Amanda: on the lam(bs)
Saturday. No office. I trained my dogs today. After Kingston Trials, I run on lambs. The training on them is the best since they are so unpredictable, naive, kamikaze, They will hurl themselves into the air, or try red rover on the dogs, or just be indecisive, so that the dogs say jeesh and expect the unexpected. They are completely unwilling to pen, which makes them pen training perfection. They respond to a shed with shocked anxiety, the perfect tool for teaching a dog to cope with an ovine psychopath. I love training on lambs, much more than their worldly mothers.
The summer has been so wet, I have not had off the hay and therefore, no big outruns. While no outruns is OK for seasoned dogs, the dearth is hard on the young ones. Monty could hardly believe there were sheep five hundred yards away.

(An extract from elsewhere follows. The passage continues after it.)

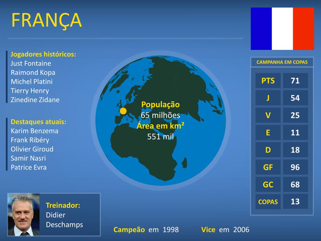 FRANÇA Jogadores históricos: Just Fontaine Raimond Kopa Michel Platini Tierry Henry Zinedine Zidane CAMPANHA EM COPAS PTS 71 54 J População 65 milhões Área em km² 551 mil 25 V 11 Destaques atuais: Karim Benzema Frank Ribéry Olivier Giroud Samir Nasri Patrice Evra E 18 D 96 GF 68 GC 13 COPAS Treinador: Didier Deschamps Campeão em 1998 Vice em 2006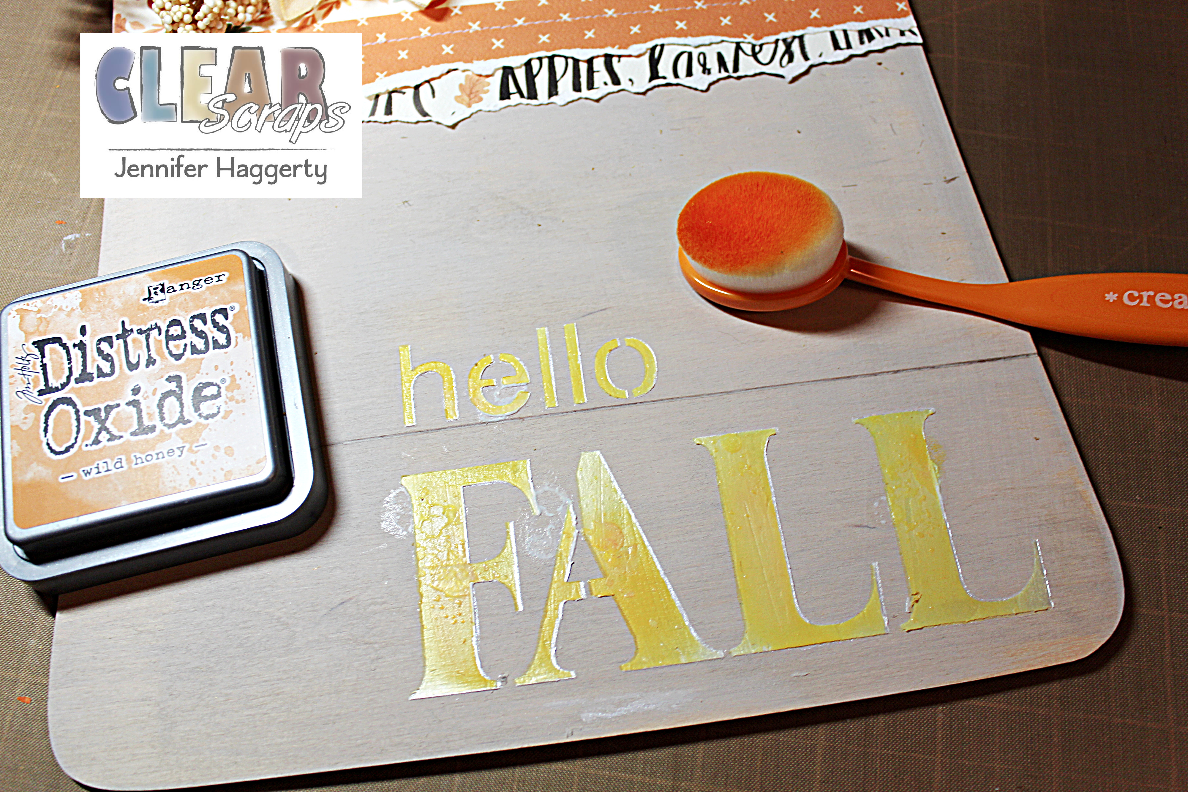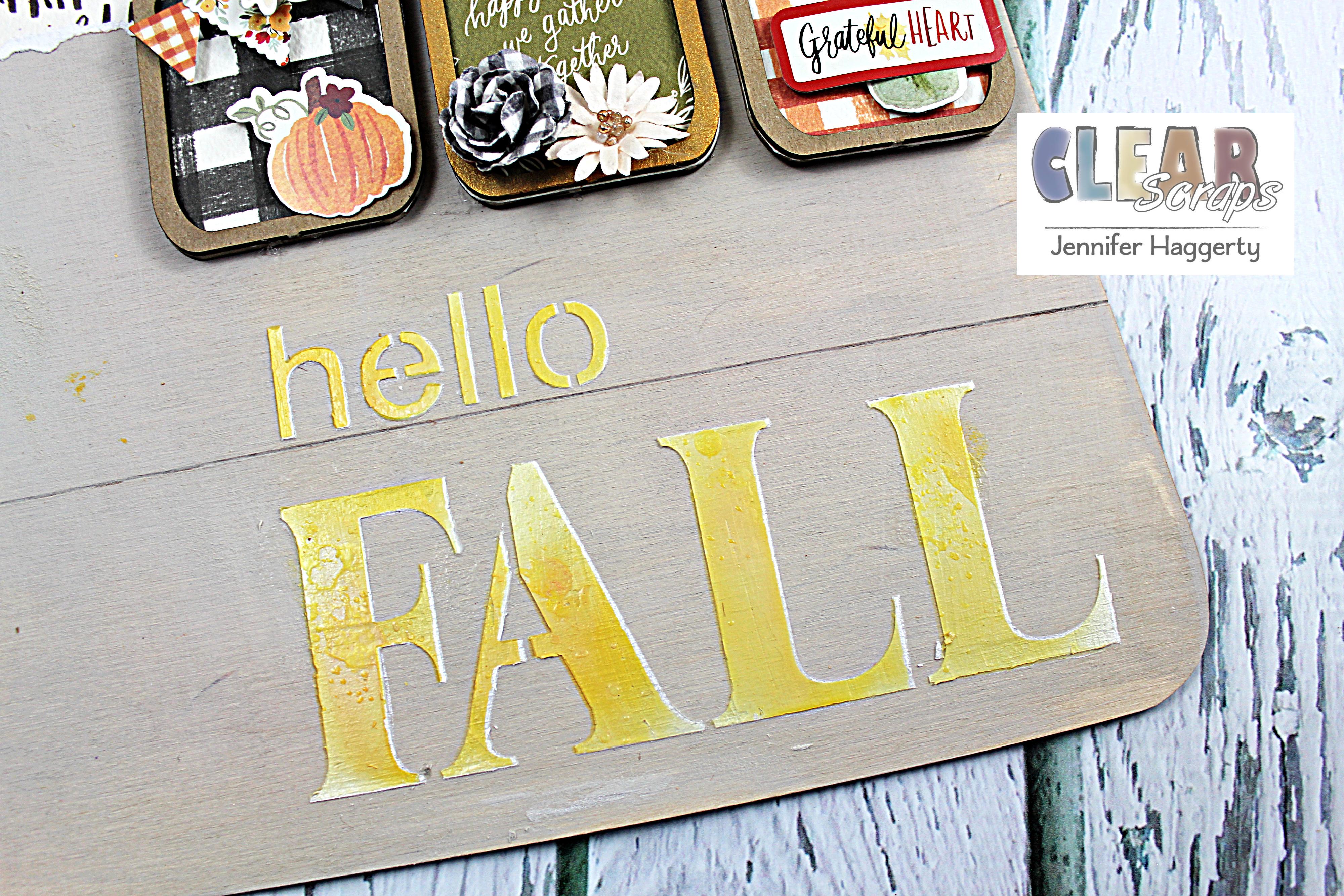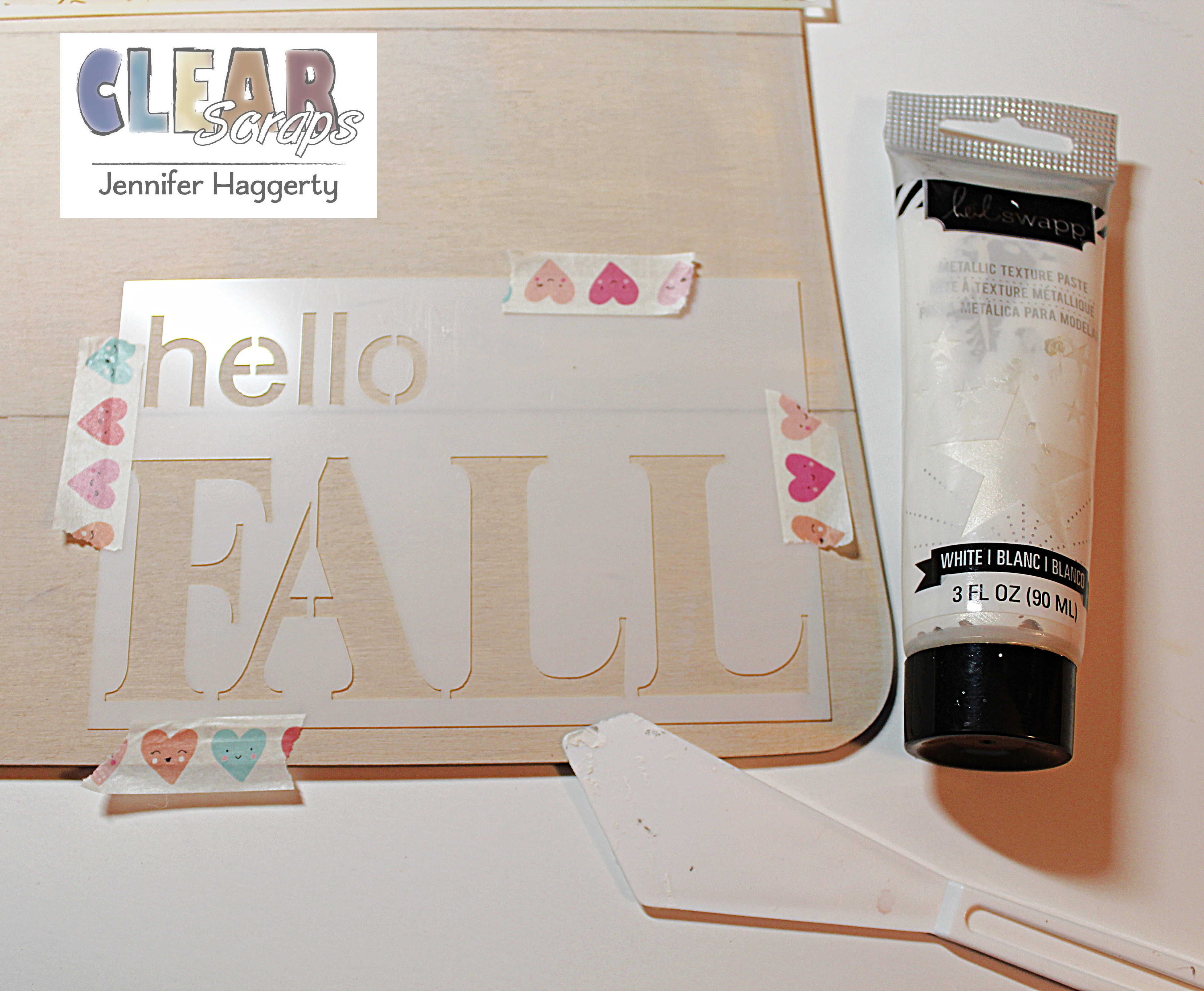 Using the 4×6 Hello Fall Stencil, I secured it to the bottom right hand corner of my Cutting Board. I had just enough of some of my metallic paste left for my project to use and applied with a spatula. I allowed ample time for the paste to dry with my stencil still in place.

He went for them with redirects rewarding his casts. He will be setting his sights further after this morning. His pliability in his fetch is sound. I love running good young dogs in the morning. Everything seems so possible when you do.
Kate Broadbent spotted for me and I held for her. She ran Salty and I ran all mine Roz and Clive are running well. But I put Bart and Ethel on Previcox today to see them through the next six weeks. Her old bones seem achy; his back is a chronic problem. An anti-inflammatory might give them a lift. If it does not, I have to consider running another.